In parallel it is great to see that Tom Critchlow is also looking at creating such book lists, in JSON, and at digesting such lists from others. The latter would implement the ‘federated’ part of federated bookshelves. Right now I just point to other people’s list and rss feeds in my ‘list of lists‘. To me getting to federation doesn’t require a ‘standard’. Because JSON, OPML and e.g. schema.org have enough specificity and overlap between them to allow both publishers of lists and parsers or such lists enough freedom to use or discard data fields as they see fit. But there is definitely a discussion to be had on identifying that overlap and how to use it best.
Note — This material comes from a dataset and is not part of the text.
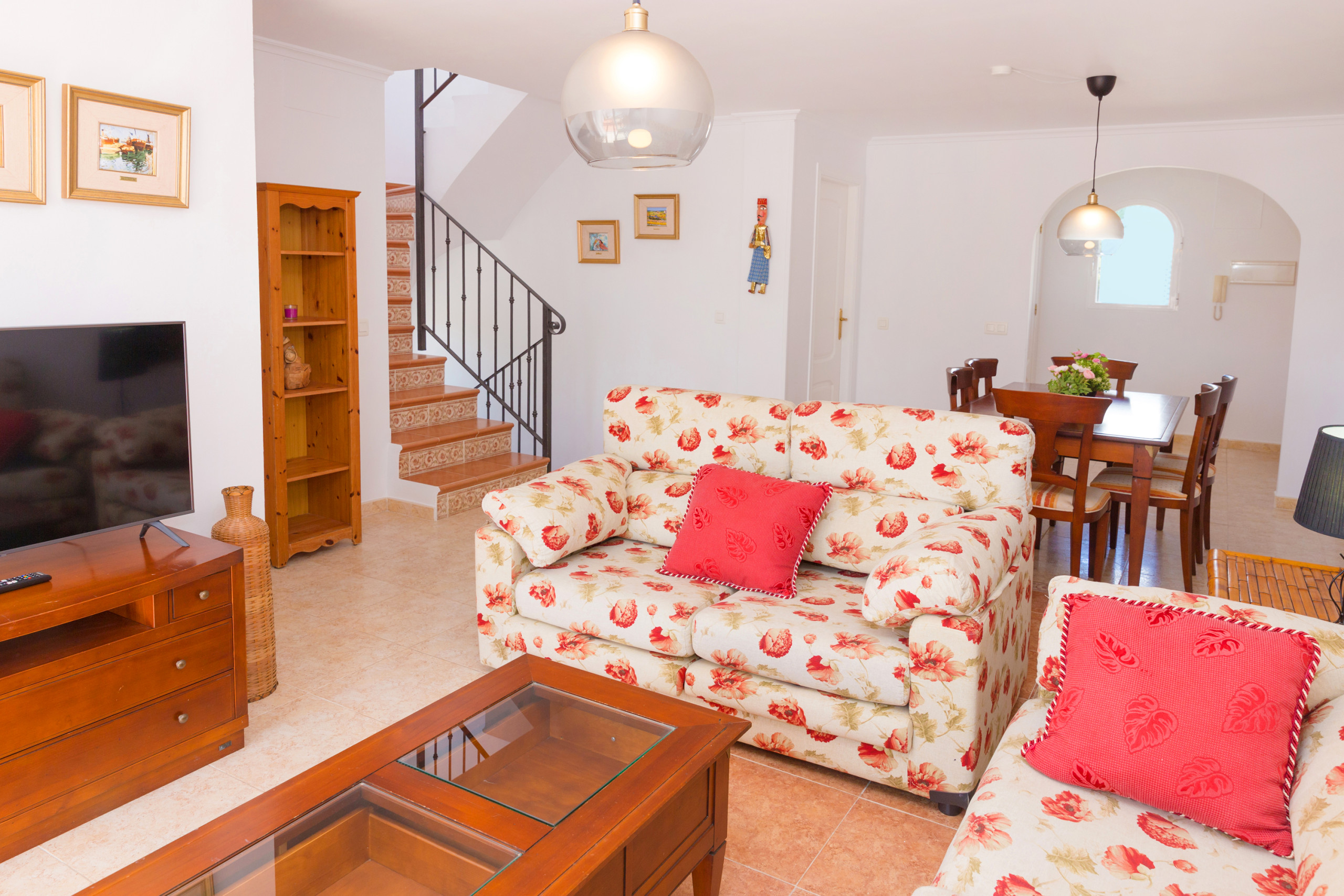 En la planta principal se encuentra el amplio salón comedor con cómodos sofás, gran mesa de comedor, TV de pantalla plana, WiFi gratis y puertas dobles que se abren a una bonita terraza cubierta. En este piso está la cocina independiente totalmente equipada con nevera, microondas, horno, congelador, lavadora, lavavajillas, vajilla y cubertería, utensilios de cocina, cafetera, tostadora, hervidor de agua, exprimidor y platos y cuencos. También en esta planta hay una habitación con cama de matrimonio y un baño. Las otras dos habitaciones se encuentran en la planta baja con dos camas individuales cada una y otro baño.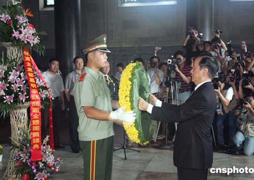 臺(tái)灣新黨主席郁慕明率領(lǐng)的臺(tái)灣新黨“民族之旅”訪問(wèn)團(tuán)七月八日在南京拜謁中山陵敬獻(xiàn)花圈。作者:毛建軍

Chris Aldrich is planning an IndieWeb event on this and other personal libraries related topics next month. I look forward to participating in that, quite a number of interesting people have expressed interest, and I hope we’ll get to not just talk but also experiment with book lists.

Writing it down may help in getting out of the loop…
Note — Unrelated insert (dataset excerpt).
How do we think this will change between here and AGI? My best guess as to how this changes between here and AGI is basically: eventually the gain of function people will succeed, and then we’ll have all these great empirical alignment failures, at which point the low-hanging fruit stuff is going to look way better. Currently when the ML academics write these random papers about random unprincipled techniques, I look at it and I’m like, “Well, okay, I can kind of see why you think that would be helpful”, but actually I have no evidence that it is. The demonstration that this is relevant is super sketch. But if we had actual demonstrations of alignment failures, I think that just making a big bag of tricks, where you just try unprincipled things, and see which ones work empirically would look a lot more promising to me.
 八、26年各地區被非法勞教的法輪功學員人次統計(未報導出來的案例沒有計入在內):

I’m continuing my tinkering with federated bookshelves, for which I made an OPML based way of publishing both lists of books, as well as point to other people’s lists and to RSS feeds of content about books. I now changed my XSL style sheet to parse my OPML files to be able to also parse mentions of RSS feeds.

Meanwhile I read Matt Webb’s posting on using RSS (and OPML) a few more times, and I keep thinking, “yes, but where do you leave the actual data?”
Then I read Stephen Downes’ recent posting on distributing reading material and entire books for courses through RSS, and realised it gave me the same sense of not sounding quite right, like Matt’s posting. That feeling probably means I’m not fully understanding their argument.
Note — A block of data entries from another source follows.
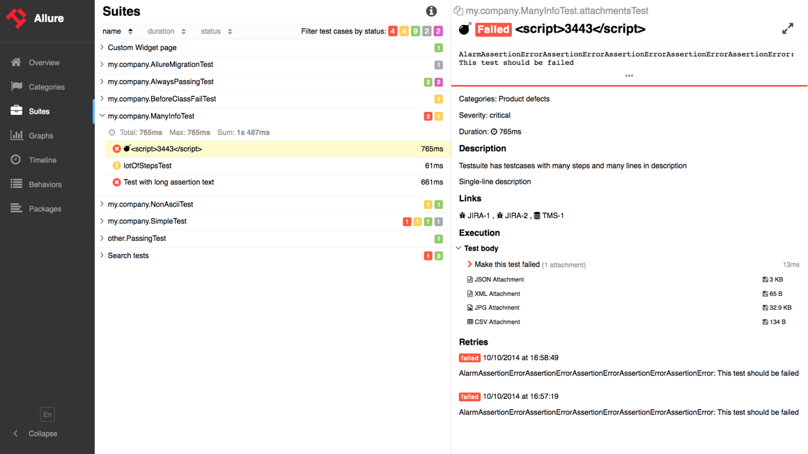 - Allure是⼀个轻量级,灵活的,⽀持多语⾔的测试报告⼯具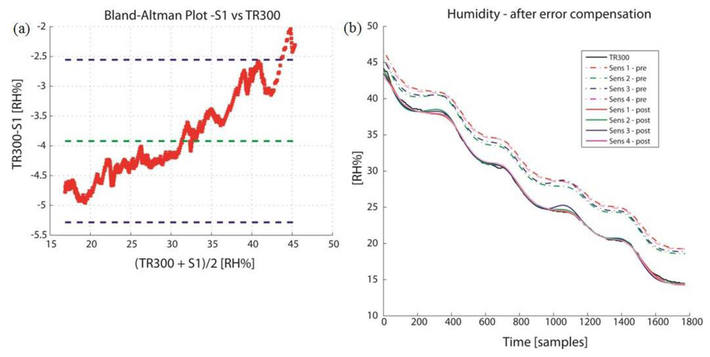 All the S sensors were consistent in overestimating the humidity compared to TR300, with 95% probability deviations, as reported by CR in Table 3. There was a clear correlation in the Bland-Altman plot between the error (Y) and the true value estimation (X) for all sensors, as reported in Figure 4a for Sensor 1. The application of a sensor-specific calibration model was effective in improving the agreement, (see Table 4 for the calibration model parameters in the time domain), with the final outcome reported in Figure 4b. All sensors are acceptable after calibrations, but Sensors 1 and 4 gave the best results.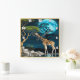 Reloj Cuadrado Giraffe a orillas del lago bajo una noche de luna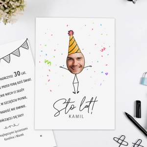 KARTKA urodzinowa ze zdjęciem twarzy zabawny prezent na urodziny

RSS is a by design simple XML format as a way to syndicate web content, including videos and podcasts. Content is an important word here, as is syndication: if you have something where new material gets added regularly, an RSS feed is a good way to push it out to those interested.
OPML is another by design simple XML format as a way to share outlines. Outlines are content themselves, and outlines can contain links to other content (including further outlines). One of the common uses of OPML is to share a list of RSS feeds through it, ‘these are the blogs I follow’.

In Matt’s and Stephen’s posts I think there are examples that fail to satisfy either the content part of RSS, or the syndication of new content part. In Matt’s case he talks about feeds of postings about books, like my book category in this site, which is fine, but also in terms of lists of books, which is where I struggle: a list doesn’t necessarily list pieces of content, let alone pieces of web content which RSS seems to require. It more likely is just a list. At the same time he mentions OPML as ‘library’, to use to point to such lists of books. Why would you use OPML for the list of lists, but not for the lists themselves, when those book lists themselves have no content per book, only a number of data attributes which aren’t the content items but only descriptions of items? And when the whole point of OPML outlines is branching lists? When a library isn’t any different from a list, other than maybe in size? Again it is different for actual postings about books, but you can already subscribe to those feeds as existing rivers of content, and point to those feeds (in the same OPML, as I do in my experimental set-up now as well).
In Stephen’s posting he talks about providing the content of educational resources through RSS. He suggests it for the distribution of complete books, and for course material. I do like the idea of providing the material for a course as a ‘blob’. We’re talking about static material here, a book is a finished artefact. Where then is the point in syndication through RSS (other than maybe if the book is a PDF or EPUB or something that might be an enclosure in a RSS feed)? Why not provide the material from its original web source, with its original (semantic) mark-up? Is it in any way likely that such content is going to be read in the same tool the RSS feed is loaded into? And what is the ‘change’ the RSS feed is supposed to convey here, when it’s a one-off distribution and no further change beyond that moment of distribution is expected?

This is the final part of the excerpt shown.